- Your instructions: For this task, output exactly the lines of the material below starting at the line with "OF 1220 NAVY" and ending at the line with "TE Part #1571878-1"; pictures are to be excluded.
━━━
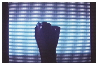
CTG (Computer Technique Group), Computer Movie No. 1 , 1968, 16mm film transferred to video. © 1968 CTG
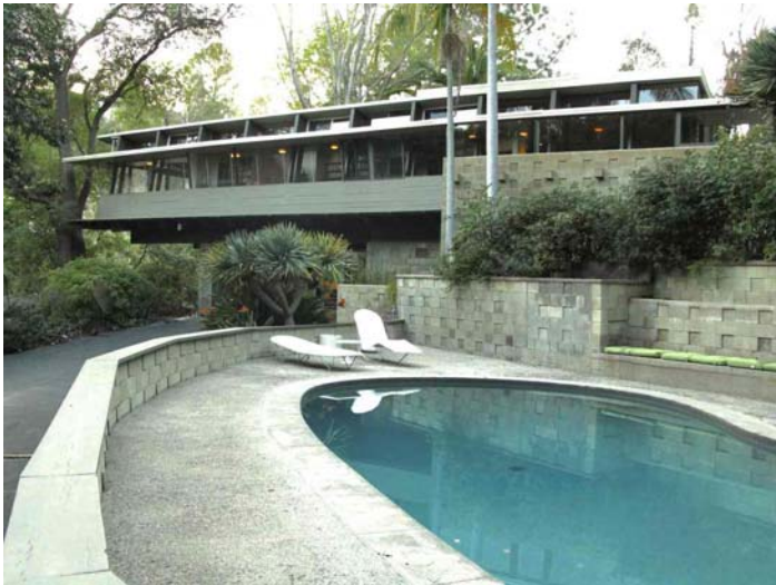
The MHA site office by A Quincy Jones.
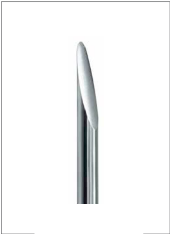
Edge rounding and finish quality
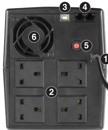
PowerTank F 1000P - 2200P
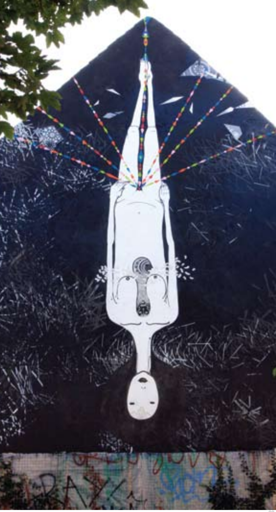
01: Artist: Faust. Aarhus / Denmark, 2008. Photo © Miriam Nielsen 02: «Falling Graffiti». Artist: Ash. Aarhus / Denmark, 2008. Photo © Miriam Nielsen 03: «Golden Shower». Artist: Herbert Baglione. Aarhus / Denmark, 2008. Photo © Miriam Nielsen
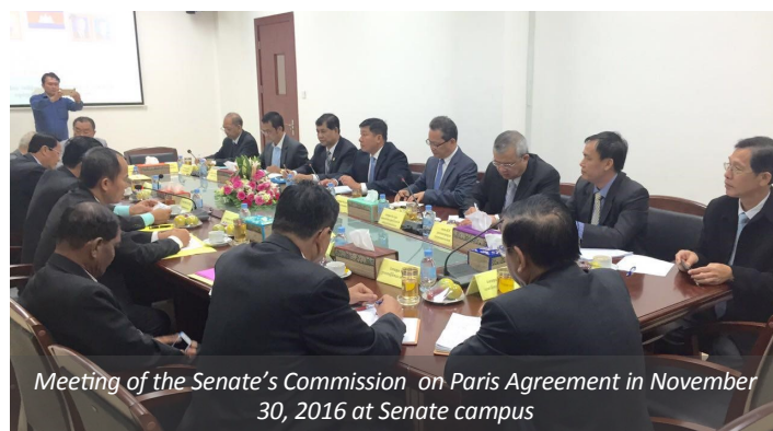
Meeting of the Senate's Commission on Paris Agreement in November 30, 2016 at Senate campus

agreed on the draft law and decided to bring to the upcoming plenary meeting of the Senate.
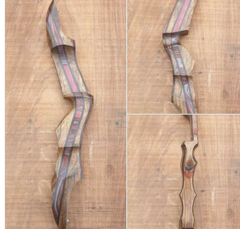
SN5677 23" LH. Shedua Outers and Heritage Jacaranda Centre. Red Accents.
━━━
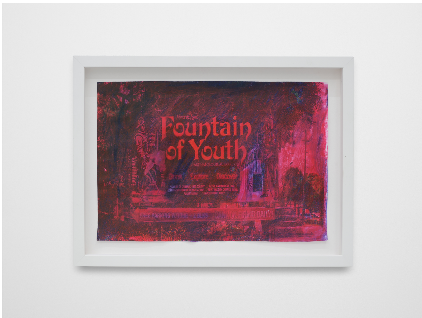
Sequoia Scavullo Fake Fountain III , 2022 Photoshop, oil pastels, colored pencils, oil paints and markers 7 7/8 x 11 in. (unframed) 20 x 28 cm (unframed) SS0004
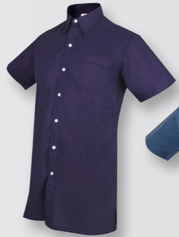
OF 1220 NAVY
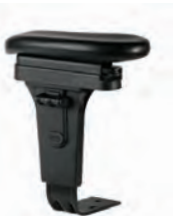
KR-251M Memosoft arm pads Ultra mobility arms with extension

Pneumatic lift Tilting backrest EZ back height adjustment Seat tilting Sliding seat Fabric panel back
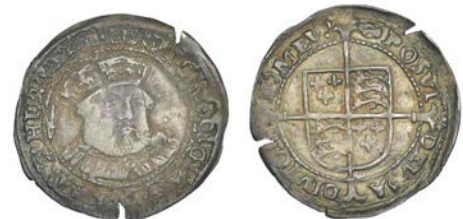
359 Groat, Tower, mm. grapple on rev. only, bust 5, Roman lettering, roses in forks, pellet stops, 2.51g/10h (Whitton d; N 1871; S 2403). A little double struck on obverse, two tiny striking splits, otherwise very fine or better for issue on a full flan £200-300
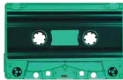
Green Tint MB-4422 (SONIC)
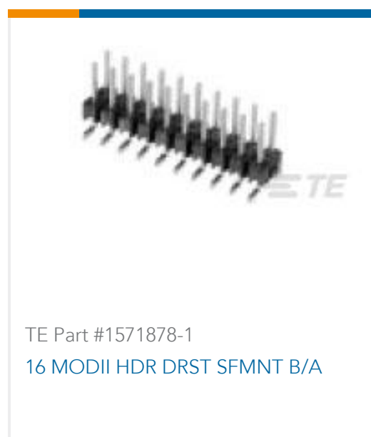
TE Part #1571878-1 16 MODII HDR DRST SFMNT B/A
━━━
- Answer area:
OF 1220 NAVY
KR-251M Memosoft arm pads Ultra mobility arms with extension

Pneumatic lift Tilting backrest EZ back height adjustment Seat tilting Sliding seat Fabric panel back
359 Groat, Tower, mm. grapple on rev. only, bust 5, Roman lettering, roses in forks, pellet stops, 2.51g/10h (Whitton d; N 1871; S 2403). A little double struck on obverse, two tiny striking splits, otherwise very fine or better for issue on a full flan £200-300
Green Tint MB-4422 (SONIC)
TE Part #1571878-1 16 MODII HDR DRST SFMNT B/A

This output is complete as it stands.